The young man with his aging machine is doing the same thing. He is using an electrically generated magnetic field as opposed to a static field. Same exact effect.

What I'm saying is that these ideas have been around awhile, and so I am wondering why no lower-end winery to my knowledge has picked up on them and treated all its wines with magnetic or electromagnetic fields to age them faster.

Now, my understanding is that you are passing a direct current through the wine, which is another matter, but still you are inducing an electromagnetic field.
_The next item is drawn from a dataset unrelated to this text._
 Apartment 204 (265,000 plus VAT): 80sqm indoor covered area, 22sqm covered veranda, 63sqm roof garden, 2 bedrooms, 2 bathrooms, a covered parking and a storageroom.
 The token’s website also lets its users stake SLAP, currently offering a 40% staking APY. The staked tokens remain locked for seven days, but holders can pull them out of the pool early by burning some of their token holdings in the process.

I am interested in your results.

I find this statement interesting: "Fining removes unwanted products from the wine by electromagnetism; the agents are added to the wine to attract the unwanted products in the tank and cause them to sink to the bottom." Source: http://www.essortment.com/eco-friendly-guide-italian-wine-113790.html

Likewise, this article: http://www.winexmagazine.com/index.php/wine/viewdrink/vino-magnetism/


----------



## seth8530 (May 31, 2013)

I am a nuclear engineering major so I know a bit about things down on the atomic level.... when you apply a charge in a medium ions will tend to want to migrate towards this way or that way depending on their charge... but, this would not affect the uncharged particles which are pretty much anything that is chemically stable.. I can possibly imagine the particles in the wine all turning the same direction as eachother as the charge changes sides but, as that happens you have to remember that all the others would likely be doing the same thing giving you a net change in direction that would be rather small I think....
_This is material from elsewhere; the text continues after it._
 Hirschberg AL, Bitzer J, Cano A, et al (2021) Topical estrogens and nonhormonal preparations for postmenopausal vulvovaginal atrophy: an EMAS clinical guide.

I am not saying this is not possible.. .I just not really sold on it.


----------



## seth8530 (May 31, 2013)

Just did a little more reading on it... It seems you can feasibly control some outcomes of chemical reactions with electrical fields but, it is not the kind of thing you do on a bulk scale.. much more on a precision level I believe.. It looks like to me this kind of stuff is the kind of thing done on the high end R&D level and not really a bulk catalyst kind of deal.. If anyone can correct me please feel free so that we can all learn.

http://link.springer.com/article/10.1007/BF02401938
http://phys.org/news191666043.html
http://techfinder.stanford.edu/technology_detail.php?ID=28917


----------



## jswordy (May 31, 2013)

I see Seth's hooked, too.


----------



## seth8530 (May 31, 2013)

Indeed, I tend to not believe in things that sound sciency just to sound like science and make people buy into them.. But if proper research is done and the theory is sound then I might take a look...

JS, as far as your idea for a sediment removal device I think something simple would be a little better.. Imagine a conical fermenter where most of the sediment will collect in the cone. Say, if you were able to operate a sliding mechanism in the fermenter so that you seal off the conical part of the fermenter where the sediment is trapped. Once the sediment is separated from the wine in this trap, you can then open a valve on the trap to remove the sediment. Once the sediment has been removed with minimal loss of wine you are then rid of the sediment. Close the valve and then you can either leave the seperater plate in place or withdraw it and top off what little bit you now need to.


----------



## jamesngalveston (May 31, 2013)

Seth, interesting reading your post, as well as JsWordy.
Bare with me.
What if we had concial fermenter with a perfectly matched round plate with ocring gasket to the side of the fermenter, that was able to be moved torwards the bottom.
With a closeable hole.
Meaning.
You open the hole, as the plate goes down the wine goes up.
When you get to the bottom, close the hole, drain off sediment.
Once the sediment is off.
Open hole, raise plate, wine goes back in.
Js, any thought to this...


----------